If it gets stuck at cuGraphicsEGLRegisterImage(), maybe cuGraphicsUnregisterResource() is not called?

I upload minimal working example to my gdrive https://drive.google.com/file/d/1QHJDhYmg1LNTNkNHC76jVQD9334CMtRW/view?usp=sharing.

I can reproduce this issues with it example. Sometimes it crashed or stucked or worked without problems.

Hi smarttowel0,
Your case runs VisionWorks + OpenCV + gstreamer. Can it be done by VisionWorks + gstreamer or OpenCV + gstreamer? It can be possible to see contraction in running VisioWorks + OpenCV.

Hi smarttowel0,
NvBuffer of MM APIs and video/x-raw(memory:NVMM) of gstreamer are different. We do not support NvBuffer in gstreamer on r28.1.

In some cases usage of OpenCV more comfortable than VX. But I use VX for highly optimizated solutions.

I did not fully understand, can I send GpuMat to gstreamer pipeline via appsrc with minimal overhead? If yes, how it possible? Maybe you can provide code sample?

Thanks

hi smarttowel0,
You cannot send GPuMat to gstreamer pipeline via appsrc.

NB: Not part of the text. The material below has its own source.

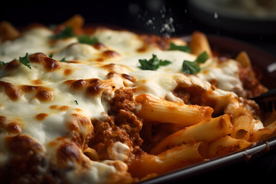 baked ziti. A close up magazine quality image of a casserole of baked ziti with sausage

For a full gstreamer pipeline, you can access video/x-raw(memory:NVMM) in nvivafilter as shown in
https://devtalk.nvidia.com/default/topic/1022543/jetson-tx2/gstreamer-nvmm-lt-gt-opencv-gpumat/post/5204389/#5204389

You can also refer to
https://devtalk.nvidia.com/default/topic/1028387/jetson-tx1/gst-encoding-pipeline-with-frame-processing-using-cuda-and-libargus/post/5232036/#5232036
It demonstrates appsrc(Argus + NvVideoEncoder) -> h264parse -> qtmux -> filesink. You can implement appsrc doing NvBuffer + NvVideoEncoder in your case.